Thanks for the nice article. Lifting heavy boxes with old magazines when moving is the best Smiley Sometimes the memories of how i gazed at the articles about the games are more stronger, then the memories from playing the game itself. Really funny crocodile/cooper on the first NP-issue.
 
Brings back so many memories. That's awesome that you had a letter printed in the mag, heck I thought it was cool when mine got in as a third place contest winner. I was a subscriber from '91-'96, and the issues that stand out for me are Vol. 50 which featured a look back at past mags, as well as featuring Link's Awakening, and the one that featured Mega Man Dr.
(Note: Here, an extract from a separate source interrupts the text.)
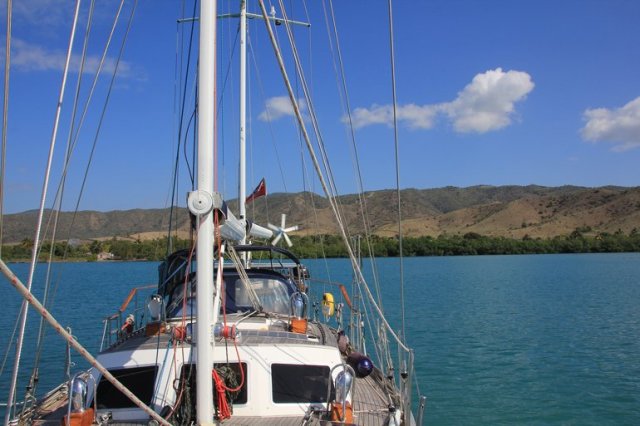 We were looking forward to a stop in Tiburcio bay as other cruisers had done, the bay was surrounded by reef so very protected. It was a good job we had recorded our track on the chart plotter going in, as at 5pm the same guarda dog handler turned up to tell us that we were not allowed to anchor there. There was one other boat in the bay and we were both forced on to the next bay at Pilon where there is a town and guarda post. Our final stop on the mainland was at Cabo Cruz on the south east corner, the reef extends out by over 2 miles but makes a nice wave break to anchor behind. Despite being anchored almost 2 miles offshore in a 20 knot brisk breeze the guarda was soon on the scene with his trusty rowers. The father and son fisherman were easy to understand with the help of our phrase book, and we soon established that the belt had broken on their engine, lucky for them we have a good supply of spare V belt for our generator and Jez gave them the length they needed. After a celebratory shot of Jamaican rum each and a strip of paracetamol for the forthcoming headache, they were towed off by a fellow fisherman back to the village. The guarda had invited us ashore in the morning to collect our paperwork, usually forbidden anywhere without a marina. Within an hour a diver appeared at the boat holding up two lobsters for us. All he wanted in exchange was some soap for his 3 year old child, we threw in some toothpaste and a small amount of money and he disappeared into the waves. In the morning the new shift of guarda, unfortunately for us, had other ideas about us going ashore and had rowed themselves out at 7.30am to return our papers, we had to move on. With a strong wind but variable direction we set out along the coast in shallow waters to our first night of freedom.

Wily's Revenge on the cover, because it had an interesting look at the Dragon Warrior series.

I also loved the comics based on games, especially the Link to the Past comic.
 
I read NP for a relatively short amount of time (1988 to the middle of 1991, then briefly in the early 2000's) but it still holds such a lofty place, probably because outside of a few small instances it was the only gaming mag I read.  During this time it put out such a positive view of gaming that one could almost believe all games were playable and nice in their own ways.  Granted, I have been called "brainwashed by Nintendo" by some of my European friends (gently I might add) and there is at least a tiny amount of truth to that statement.  Still, I think that to many of us of a certain vintage (and of a certain console following) NP shows us a glimpse of that past which we still hold tight in our memories, even if the reality of the games don't always match up.

Thanks for the memories, zophar.  I think I will take me a break and leaf through a couple magazines.